*** Opening LISTED RECORDS ***

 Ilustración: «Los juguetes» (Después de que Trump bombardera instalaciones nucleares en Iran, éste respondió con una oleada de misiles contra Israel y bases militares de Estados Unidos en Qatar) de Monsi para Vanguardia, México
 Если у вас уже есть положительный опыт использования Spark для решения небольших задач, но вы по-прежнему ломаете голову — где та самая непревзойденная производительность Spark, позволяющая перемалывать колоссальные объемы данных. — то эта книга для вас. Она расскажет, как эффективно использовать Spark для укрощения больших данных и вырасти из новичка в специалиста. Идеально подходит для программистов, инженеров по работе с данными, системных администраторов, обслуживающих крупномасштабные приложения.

*** Closing LISTED RECORDS ***
*** Opening LISTED RECORDS ***

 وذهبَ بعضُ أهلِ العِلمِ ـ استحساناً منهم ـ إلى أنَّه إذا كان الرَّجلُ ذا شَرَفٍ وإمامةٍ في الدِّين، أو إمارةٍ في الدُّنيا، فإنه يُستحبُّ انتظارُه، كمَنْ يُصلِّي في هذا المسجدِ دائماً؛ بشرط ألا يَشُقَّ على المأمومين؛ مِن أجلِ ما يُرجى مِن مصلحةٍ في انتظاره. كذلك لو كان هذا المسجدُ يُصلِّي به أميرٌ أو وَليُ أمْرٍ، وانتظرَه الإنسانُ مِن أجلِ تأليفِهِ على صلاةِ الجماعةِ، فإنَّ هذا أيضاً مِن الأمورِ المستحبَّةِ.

*** Closing LISTED RECORDS ***

### TASK ITEM
Using the entries above, repeat only the lines from the one containing "para Vanguardia, México" through the one containing "Если у вас уже", end lines included.

### EXERCISE SOLUTION
 Ilustración: «Los juguetes» (Después de que Trump bombardera instalaciones nucleares en Iran, éste respondió con una oleada de misiles contra Israel y bases militares de Estados Unidos en Qatar) de Monsi para Vanguardia, México
 Если у вас уже есть положительный опыт использования Spark для решения небольших задач, но вы по-прежнему ломаете голову — где та самая непревзойденная производительность Spark, позволяющая перемалывать колоссальные объемы данных. — то эта книга для вас. Она расскажет, как эффективно использовать Spark для укрощения больших данных и вырасти из новичка в специалиста. Идеально подходит для программистов, инженеров по работе с данными, системных администраторов, обслуживающих крупномасштабные приложения.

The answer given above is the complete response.